Comprueba el botón después de cada actualización del tema, que es cuando se pierden los enlaces añadidos a plantilla, y cada vez que cambie el horario o entre gente nueva al equipo. Si el tiempo de primera respuesta sube de una hora de forma sostenida, ajusta el horario anunciado antes de que el canal empiece a restar.

Pasos del procedimiento

  1. 1. Empieza por el enlace, no por el widget

    Un enlace de conversación no carga nada de terceros, no entra en la política de cookies y no pesa. Muchos widgets hacen las tres cosas al revés.

  2. 2. Colócalo donde nace la duda

    Ficha de producto y checkout, no solo la página de contacto. En el móvil, sin tapar el precio ni el botón de compra.

  3. 3. Define el horario antes de publicarlo

    Fuera de él, el botón debe decir cuándo se responde o dar paso al formulario.
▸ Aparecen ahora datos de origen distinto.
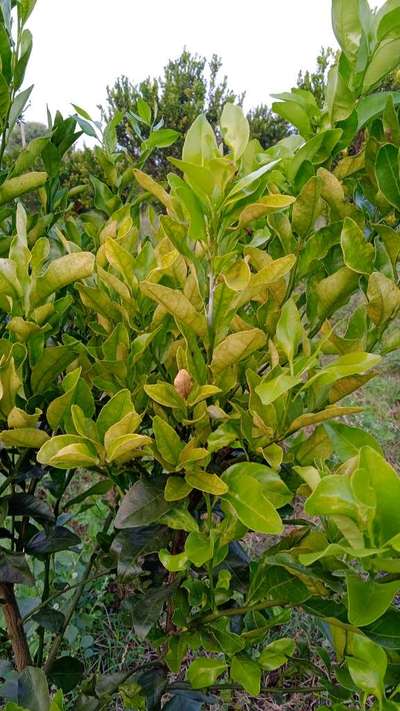 तीन वर्षाचे संत्रा झाड पाने पिवळी होत आहेत, निस्तेज आहे
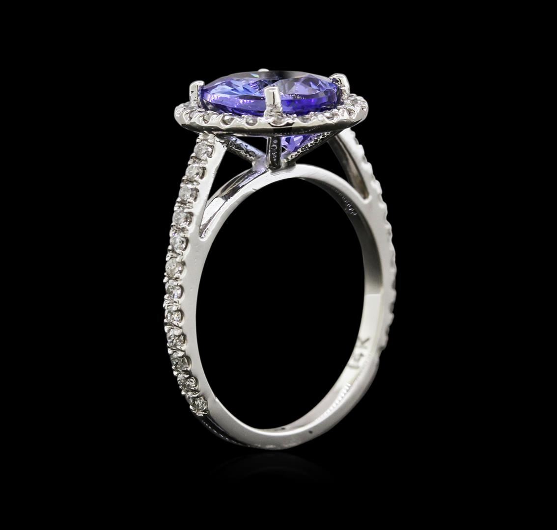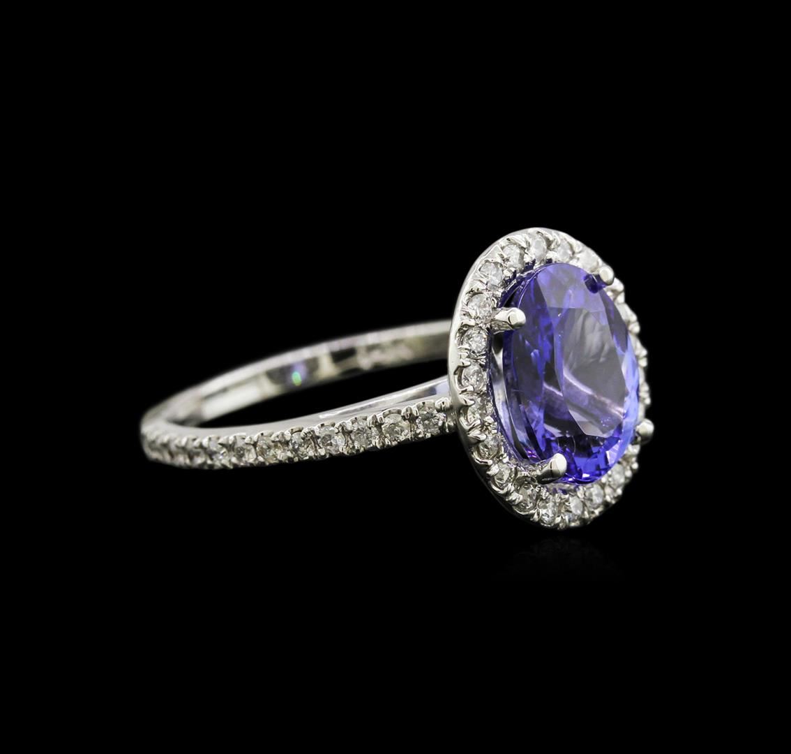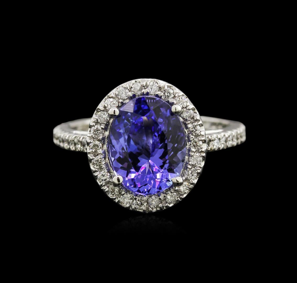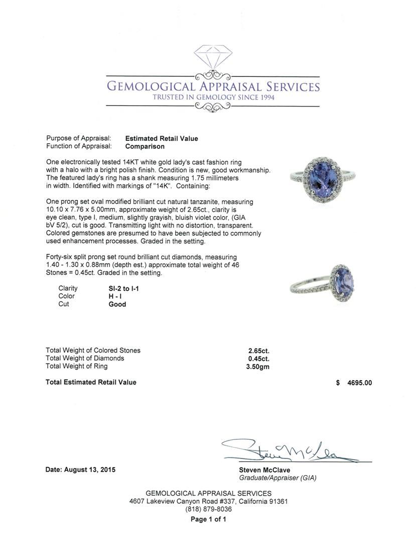 One electronically tested 14KT white gold lady's cast fashion ring with a halo with a bright polish finish. The featured lady's ring has a shank measuring 1.75 millimeters in width. Identified with markings of "14K". Condition is new, good workmanship. Containing: One prong set oval modified brilliant cut natural tanzanite, measuring 10.10 x 7.76 x 5.00mm, approximate weight of 2.65ct., clarity is eye clean, type I, medium, slightly grayish, bluish violet color, (GIA bV 5/2), cut is good. Transmitting light with no distortion, transparent. Colored gemstones are presumed to have been subjected to commonly used enhancement processes. Graded in the setting. Forty-Six split prong set round brilliant cut diamonds, measuring 1.40 - 1.30 x 0.88mm (depth est.) approximate total weight of 46 Stones = 0.45ct. Graded in the setting. Clarity: SI-2 to I-1. Color: H - I. Cut Good. Total Weight of Colored Stones 2.65ct. Total Weight of Diamonds 0.45ct. Total Weight of Ring 3.50gm. GAS Appraised at $4,695.00.
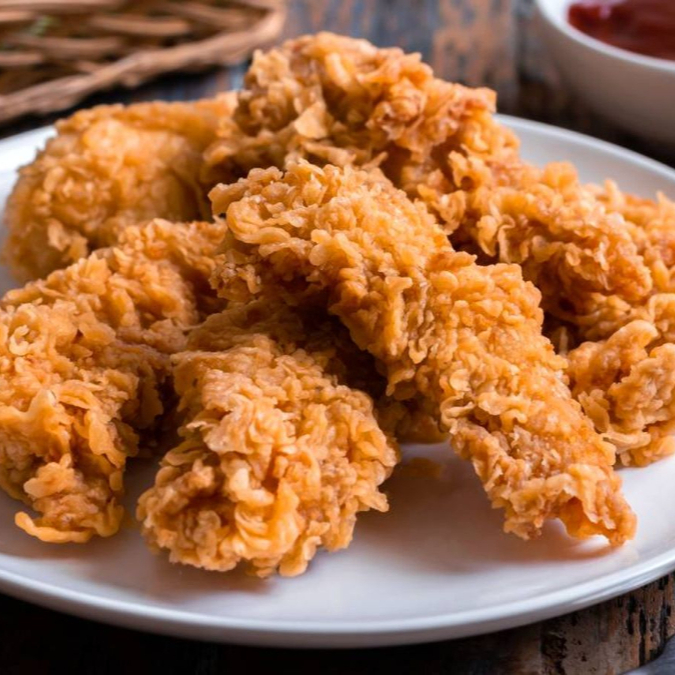 6 tiras de pechuga empanizadas, crujientes por fuera y jugosas por dentro, servidas con papas fritas, cátsup y aderezo.
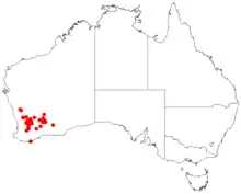 It is native to Wheatbelt, Great Southern and Goldfields-Esperance regions of Western Australia from around Koorda in the north to Coolgardie in the east and Narrogin in the west where it is found in low-lying areas, on hillsides and sandplains growing in rocky sandy soils often around granite outcrops[2] where it is a part of shrubland communities.[3]
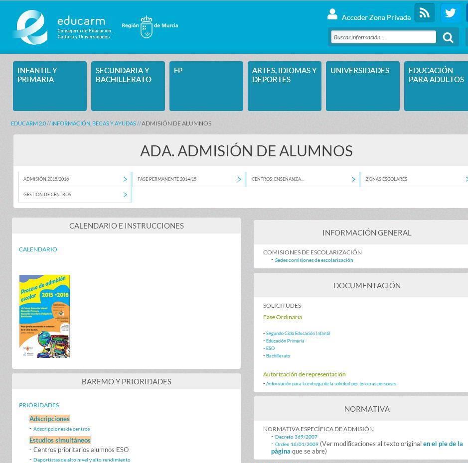 Desde el portal de Educarm se puede acceder al nuevo modelo de solicitud de admisión para las enseñanzas de Educación Infantil, Primaria, Secundaria y Bachillerato.
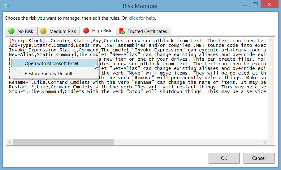 Or, the user decides that this risk is really never a problem in his or her environment. So if the user wants to treat “Set-Service” as always safe, he or she would click “Add Risk to Whitelist”. This puts the particular risk on the personal white list. This type of risk will then be excluded from future risk checks.
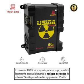 O Conversor USINA foi projetado para entregar o melhor desempenho possível efetuando a redução de tensão de sistemas 24 Volts para alimentar equipamentos 12 volt. Ele possui em seu circuito a topologia HALF-BRIDGE BUCK converter Síncrono em que se utiliza transístores MOSFETS de baixa perda com resistência interna de 2miliohms, isso garante baixa queda de tensão nos transístores traduzido em um alto rendimento acima de 92%, o que traduz em um produto leve e pequeno, porém, potente e robusto.
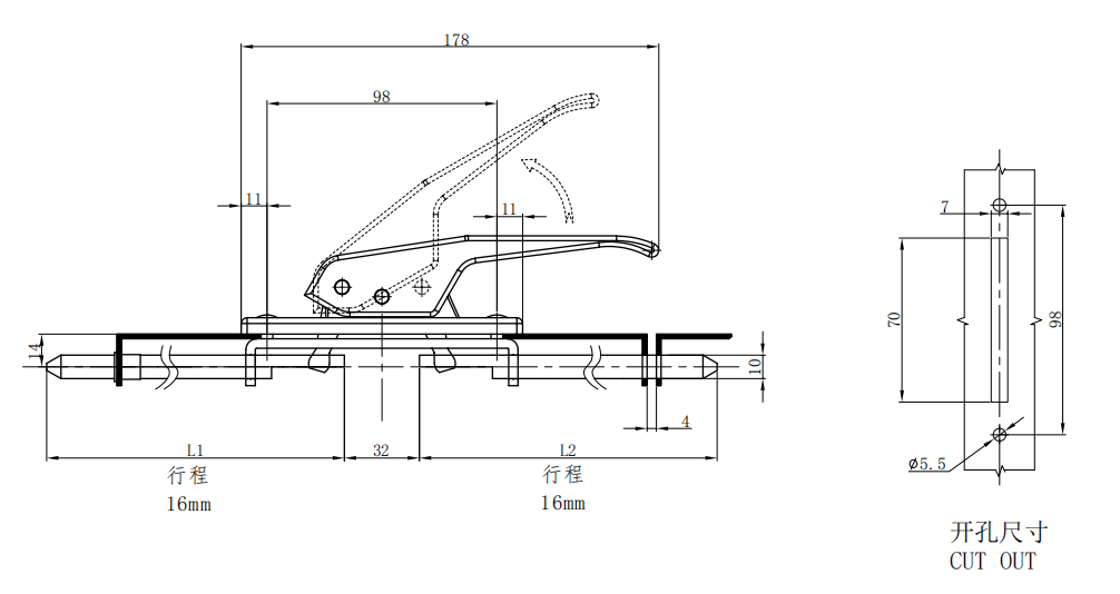 Multi-point lock, Lift handle, L handle, unlimited, Zinc alloy, Powder coated, black,B-1528
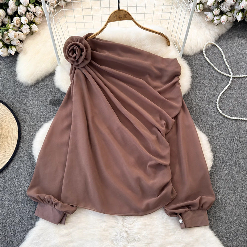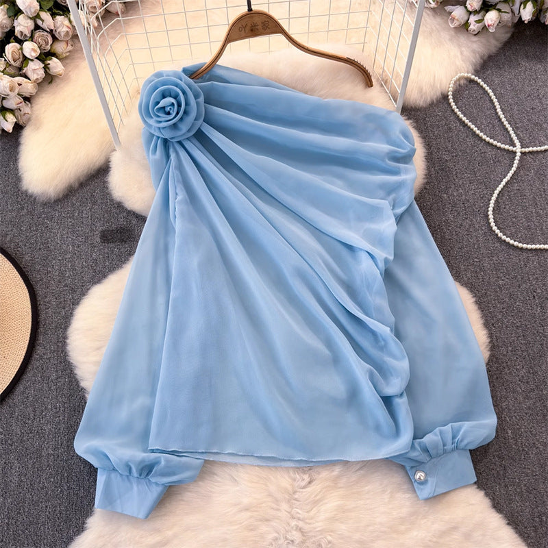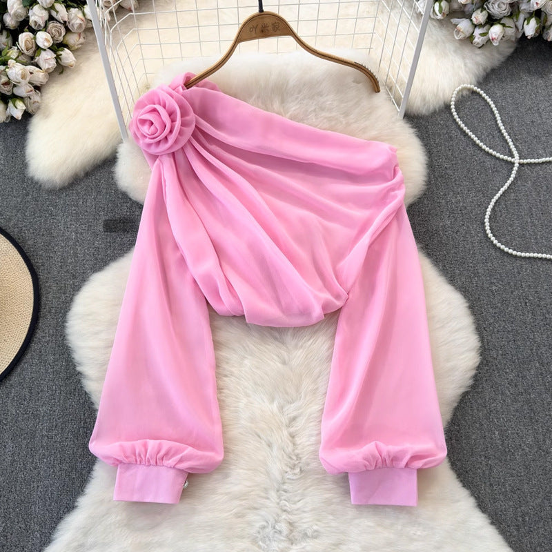 Asymmetrisches Top von Fudus, halbtransparent, einseitig geschulterter Schnitt

Un canal desatendido hace más daño que no tenerlo.

  4. 4. Reparte si hay más de una persona

    Con un solo número y varias personas contestando, o se duplican las respuestas o no contesta nadie. Decide el reparto antes de que llegue el volumen.

  5. 5. Mete contexto en el mensaje inicial

    Producto y referencia ya escritos ahorran la primera pregunta y hacen que la conversación empiece por lo que importa.

  6. 6. Cuenta los clics por ubicación

    Saber si el botón de la ficha trae más conversaciones que el del checkout es lo que permite quitarlo de donde estorba.

Control editorial

Metodología y fuentes

El montaje descrito procede de implantaciones sobre PrestaShop 8 y 9. Las opciones de reparto entre personas se contrastan con la documentación pública de la aplicación de empresa. No se dan tasas de conversión del botón: dependen del catálogo, del precio medio y de la capacidad real de atender.